O Moinho e a Cruz

Em 1564 a Flandres sofre a brutal ocupação pela Espanha de Filipe II. Liderando o movimento da Contrarreforma, Filipe II, católico devoto, procurava assim dominar o ímpeto crescente da corrente calvinista fortemente presente naquela região.

É nesse mesmo ano, no contexto de profundas divisões na Europa, que o pintor Peter Bruegel, originário do então Ducado de Brabante cria “A Subida ao Calvário”. A pintura, resultado da encomenda de Nicholas Jonghelinck, banqueiro, colecionador de arte e mecenas, utiliza de forma extraordinária uma alegoria para, a partir da paixão e crucifixão de Cristo, a contextualizar na situação da Flandres de então.

Em 1996 o escritor e crítico de arte Michael Francis Gibson publica uma análise sobre o quadro de Bruegel, que virá a remeter ao realizador Lech Majewski. O visionamento de “Angelus” (2000) e a forma como este aborda uma trama apocalíptica numa comunidade da Silésia, sugerem ao escritor ser este o realizador indicado para dar corpo fílmico ao seu entendimento da obra de Bruegel. A colaboração começa logo na escrita do argumento e o filme é produzido em três anos.

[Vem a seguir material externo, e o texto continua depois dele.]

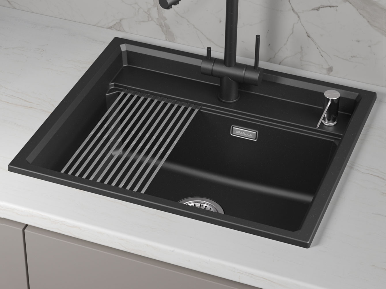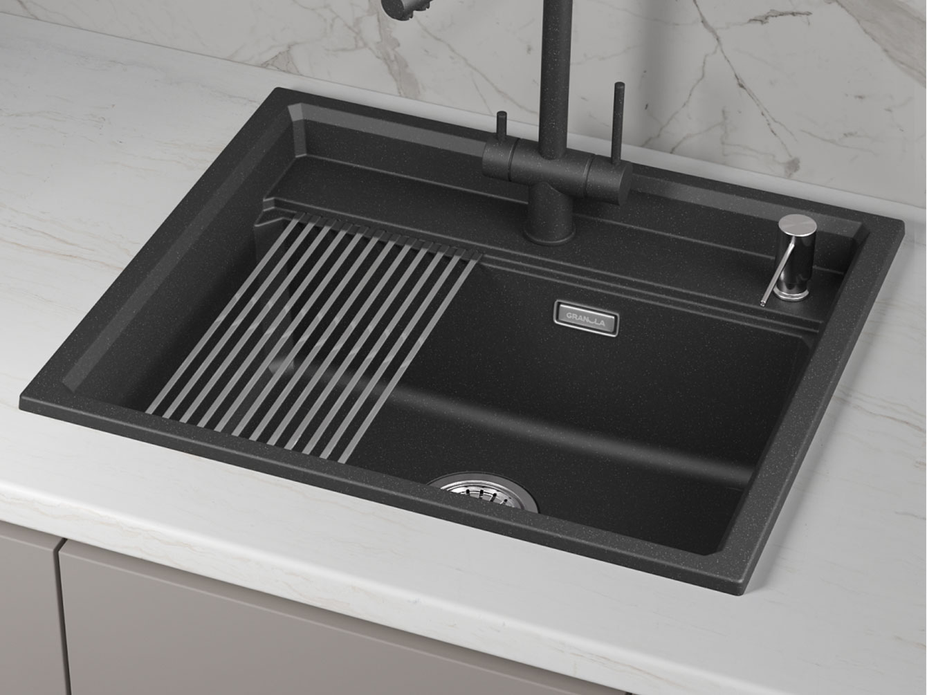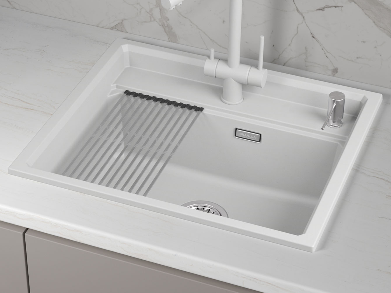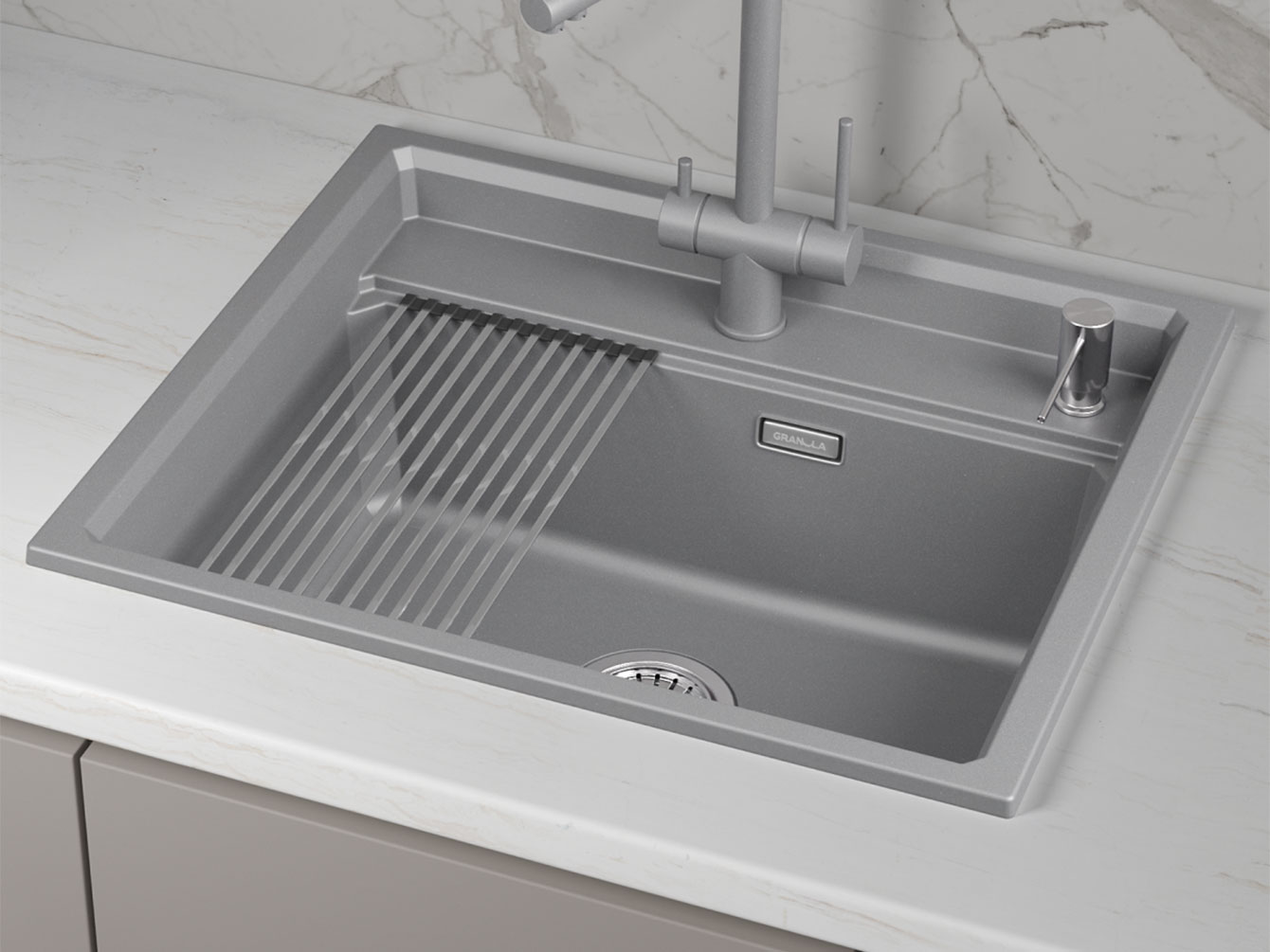 Удобная чаша квадратной формы адаптирована для ролл-мата и устойчива к царапинам, механическим ударам и пятнам. Аксессуар идеально прилегает к столешнице, перелив защищает от протечек. Кварцевый материал гарантирует долгий срок службы и эксплуатацию без нареканий.

Centrado na vida de 12 das mais de 500 figuras representadas no original, “O Moinho e a Cruz” resulta numa criação cinematográfica simultaneamente capaz de exprimir a composição intricada e pluridimensional de Bruegel e imprimir a vida, o movimento e a frescura necessárias à adesão do espetador. Ao longo da narrativa acompanhamos o trabalho e as premissas do pintor, assim entendidas, para cada um dos elementos determinantes da composição, permitindo seguir detalhadamente significante e significado, forma e conteúdo. Isto combinado entre os diálogos que o pintor mantém com o seu mecenas à medida que compõe a obra, planos quase estáticos e tridimensionais do contexto que lhe serve de modelo e cenas da vida quotidiana a que reportam os diversos elementos pictóricos.

Um resultado interessante que convoca ao aprofundamento, a vários níveis, depois da experiência cinematográfica em si.